2024年11月22日(金)

立花聡の「世界ビジネス見聞録」

2019年9月6日

本当の原因はこれか?

 考え方としてはいろいろある。まず今回のデモで政府側が最終的に屈服し、「逃亡犯条例改正案の撤回」という要求を飲んだ。だったら、次の「普通選挙権」という要求も飲む可能性がある、という帰納法的な考え方だ。ただ、難易度は何段も上がる。「普通選挙権」といえば、香港を誰がコントロールするかという根本的な問題であり、北京政府はそう簡単に妥協するはずがない。

 すると、やはり米国の対中貿易戦争に便乗するしかない、という方向になる。そもそも、今回の条例改正案撤回という政府側の妥協はどのような背景に引き出されたのかをまず考えてみたい。
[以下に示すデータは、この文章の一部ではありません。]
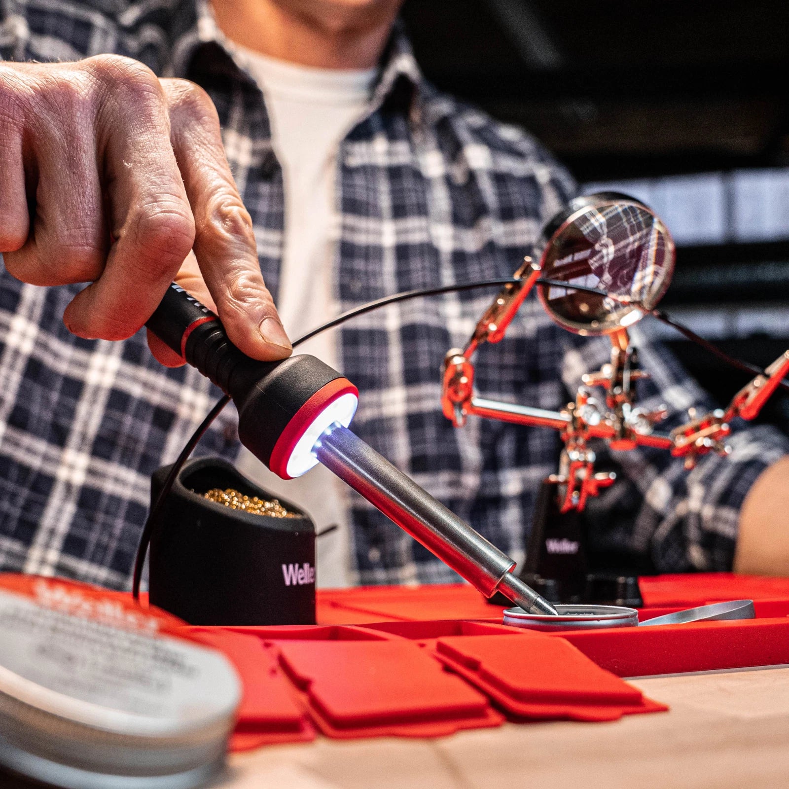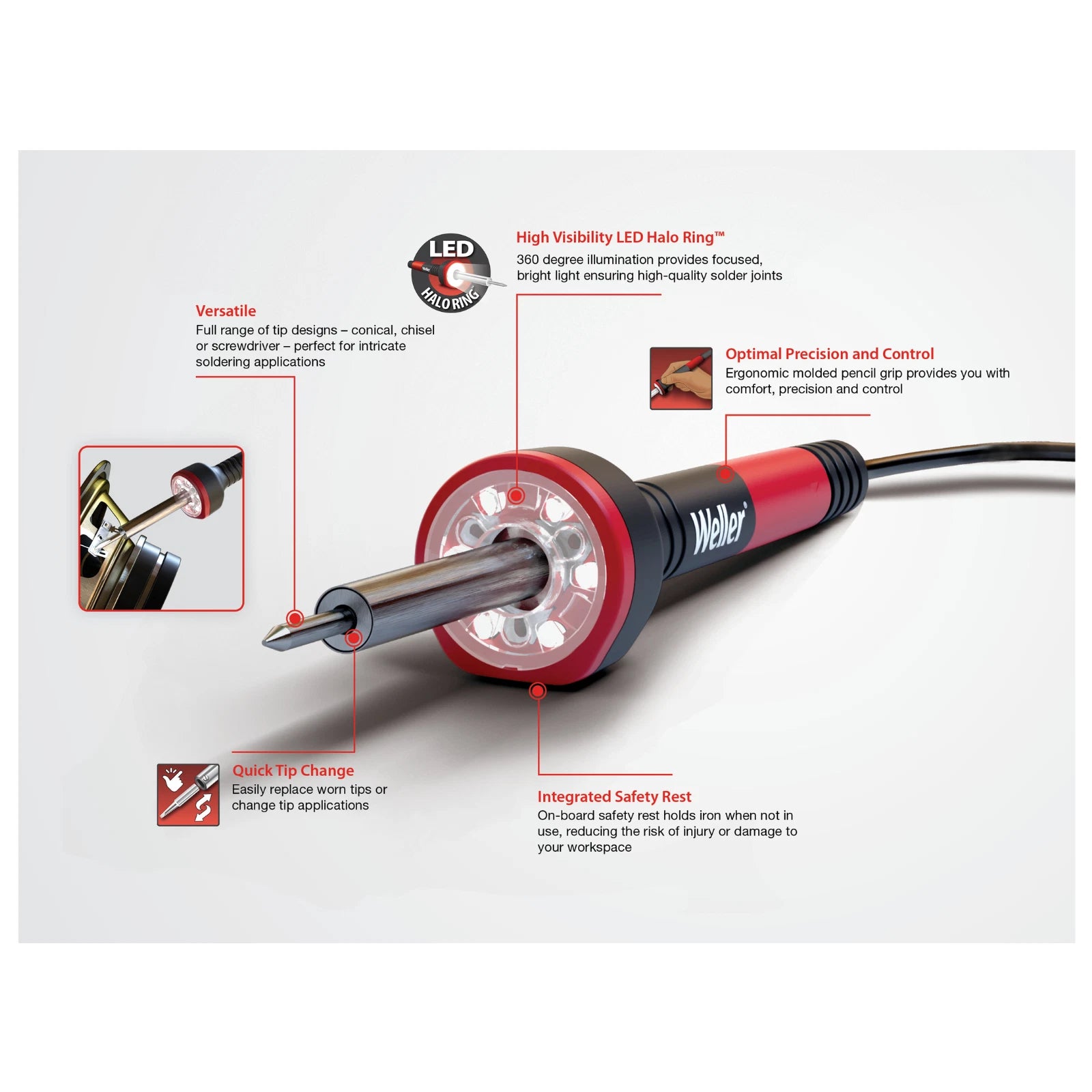 Achieve precise and professional soldering results with the Weller 30W Soldering Iron, featuring innovative LED halo ring illumination. Designed for comfort, versatility, and safety, this soldering iron is ideal for electronics, wire joining, and hobby projects.

 10月1日の中国建国70周年記念日祝賀行事があって、習近平主席や国家の体面を保つためにも、香港デモをそれまでに収束させなければならない。という理由もあるだろう。そこで最終的にどんな手段が考えられるかというと、まず最悪の「第2の天安門」を避け(参照:『香港が「第2の天安門」になり得ない理由とは?』)、香港政府管轄下のリソースをフル動員して、デモ参加者の大量逮捕や戒厳令の発布といった措置が選択肢として浮上する。ただし、これらの措置を実施すると、米国の制裁を招来する可能性がある。強硬手段はまずい。
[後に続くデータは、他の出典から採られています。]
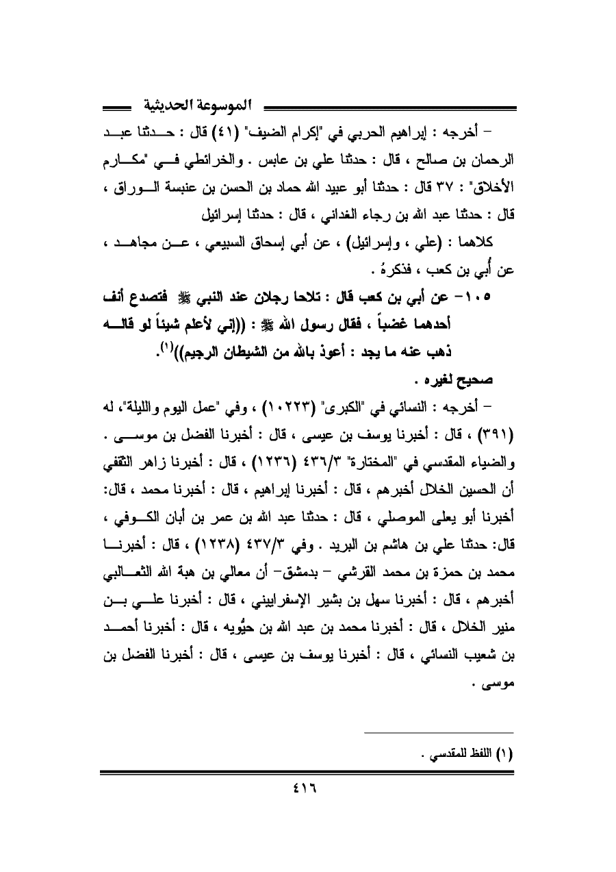 ١٠٥ - عن أبى بن كعب قال: تلاحا رجلان عند النبي - صلى الله عليه وسلم - فتصدع أنف أحدهما غضبًا، فقال رسول اللّه - صلى الله عليه وسلم -: "إني لأعلم شيئًا لو قاله ذهب عنه ما يجد: أعوذ بالله من الشيطان الرجيم)) (¬١).
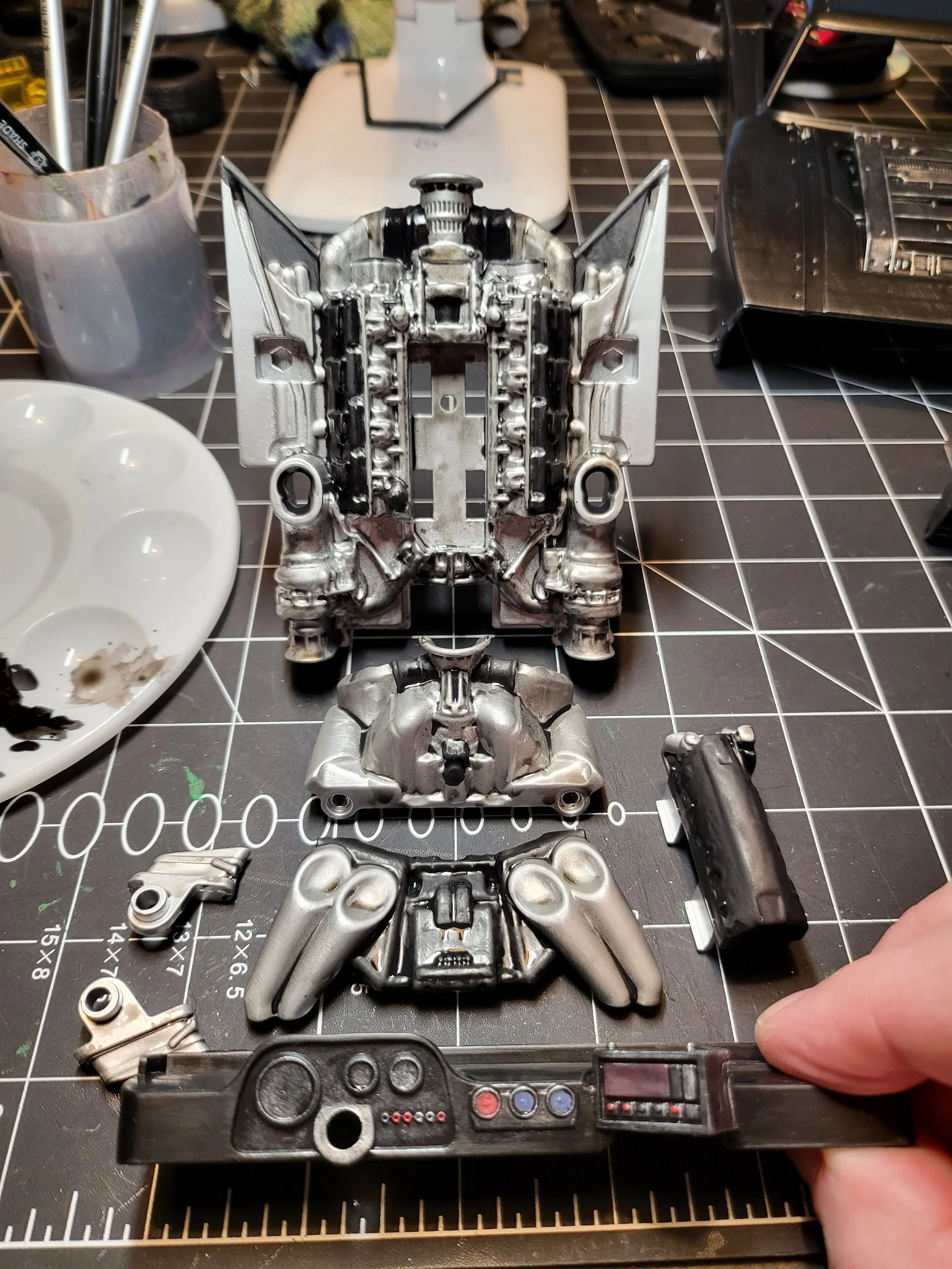 The last pieces to be painted were the wheels and some small random bits for consistency once assembled. Some brush-on clear coat was used and the painting was all done!
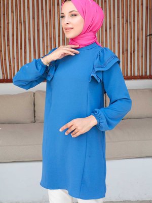 İmajbutik İndigo Omuz Güpürlü Tunik
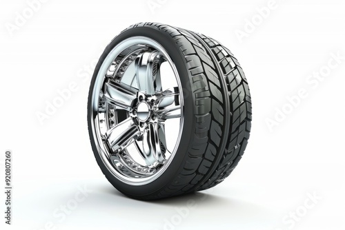 Shiny chrome car wheel with rubber tire on a white background. Simple and modern automotive style. Used for car maintenance and repair concepts. Generative AI
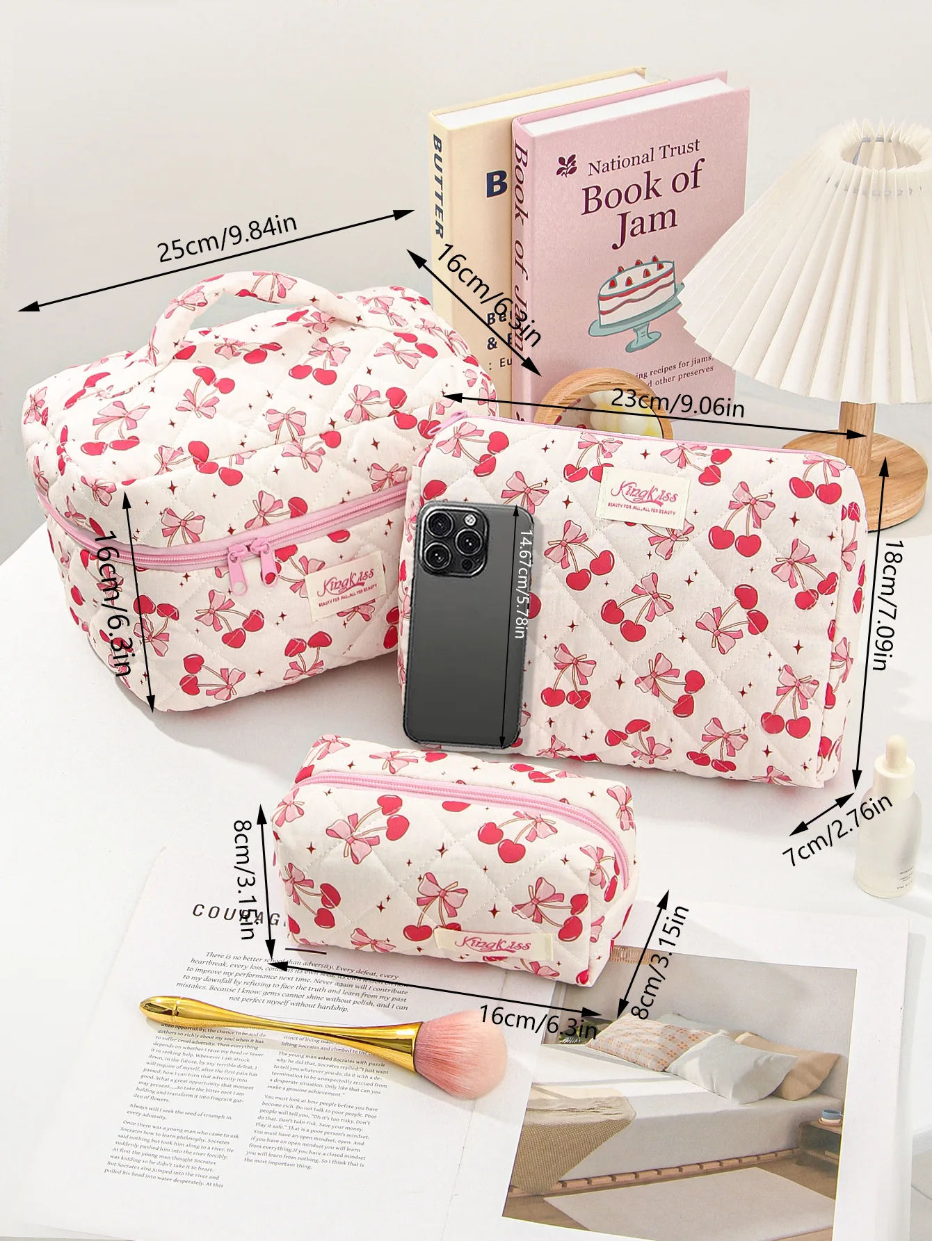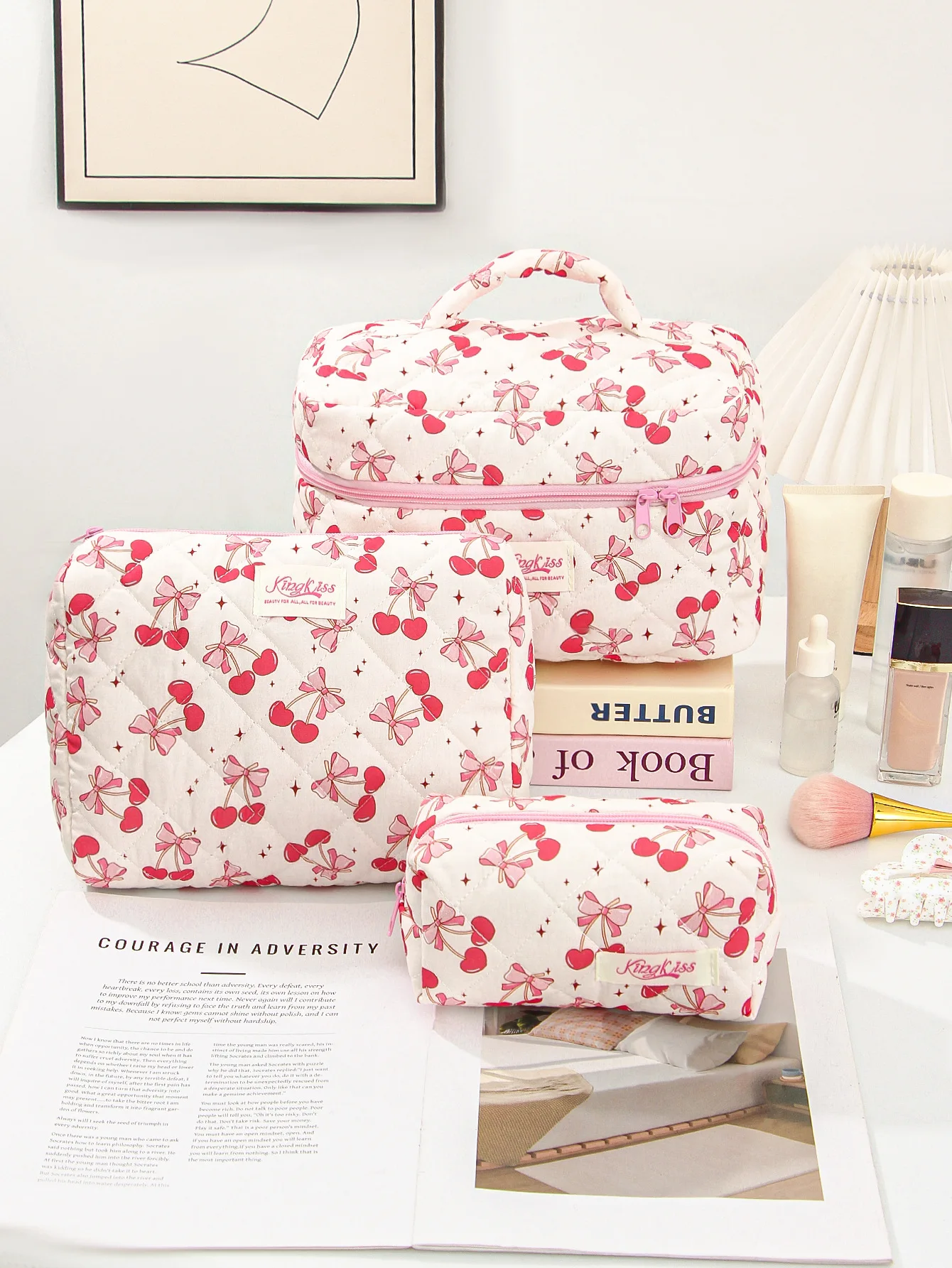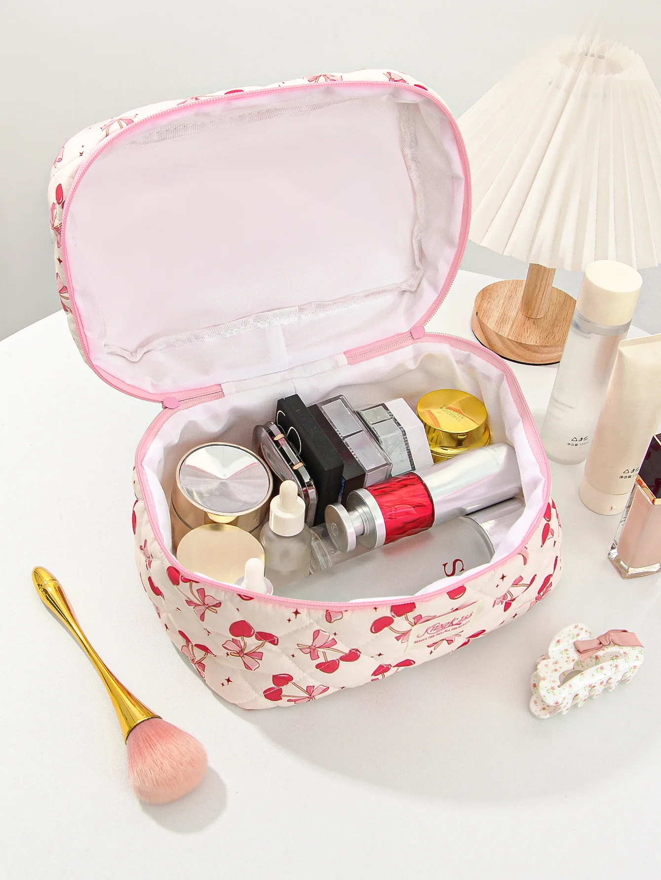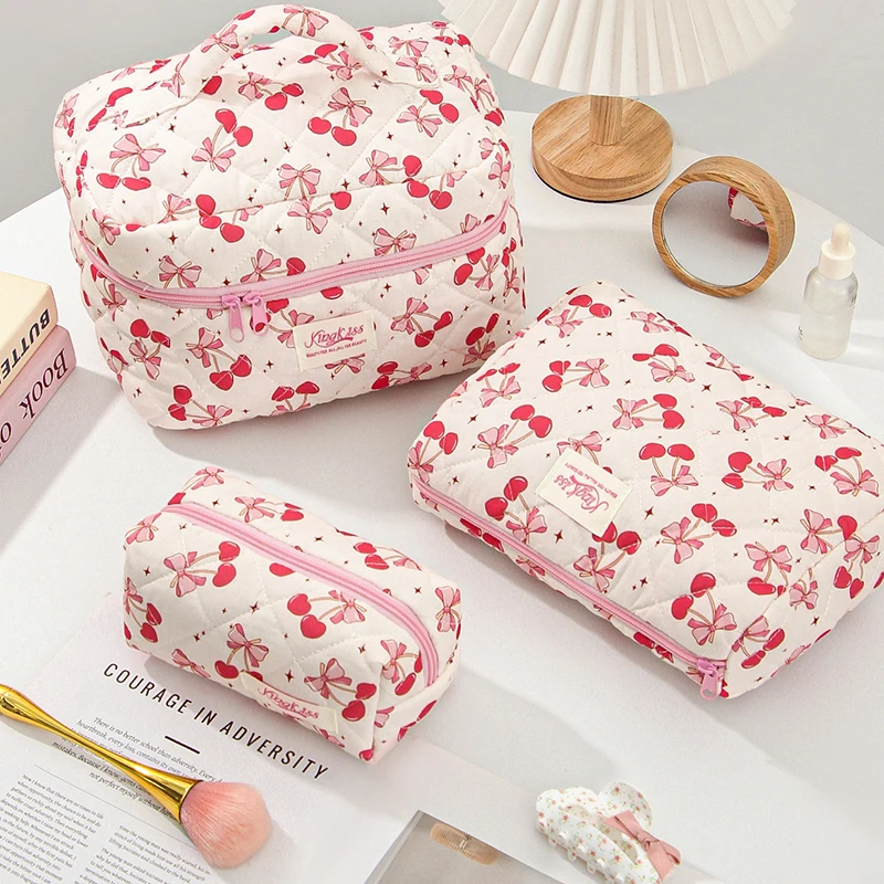 Bolsa de maquillaje de algodón acolchado para mujer, organizador de cosméticos con cremallera, bolso de tela con forma de caja, estuche de aseo portátil para niñas, 1 Uds.

 さらになんと、9月4日という早い段階で林鄭行政長官があっさりと条例完全撤回の「敗北宣言」を出した。その理由は何であろうか。私の直感では、米国の「香港人権民主主義法案」が決定的な要因だったのではないかと思う。

 同法案は香港デモに関連し、基本的人権や自由への抑圧行動について、香港に付与された(中国本土と違う)優遇措置を取り消し、抑圧行動にかかわる関係者らの米国における資産を凍結し、米国入国を拒否するなどの制裁措置を含んでいる。特に資産凍結のダメージが大きい。一部の情報によれば、この「香港人権法案」は9月上旬の米国会で可決される可能性が高いといわれている。

 つまり条例完全撤回という香港市民側の要求を飲むことによって、米国の「香港人権法案」が立脚する基盤が崩れ、少なくとも法案現状のままでは可決できなくなるからだ。
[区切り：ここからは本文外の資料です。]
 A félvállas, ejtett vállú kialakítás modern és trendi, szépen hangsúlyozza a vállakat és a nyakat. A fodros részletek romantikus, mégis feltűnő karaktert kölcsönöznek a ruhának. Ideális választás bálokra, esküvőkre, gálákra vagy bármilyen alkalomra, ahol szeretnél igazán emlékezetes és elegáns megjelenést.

 真相がどうであれ、香港問題が根底から解決されたわけではない。たとえ、デモなどの市民運動が今回沈静化したとしても、いつ再燃してもおかしくない。さらに、たびたびの騒動で香港の国際金融センターとしての基盤がすでにぐらついている。拙稿『香港騒動、最大の受益者がシンガポールであるワケ』にも指摘しているように、香港からの資金流出がすでに始まっている。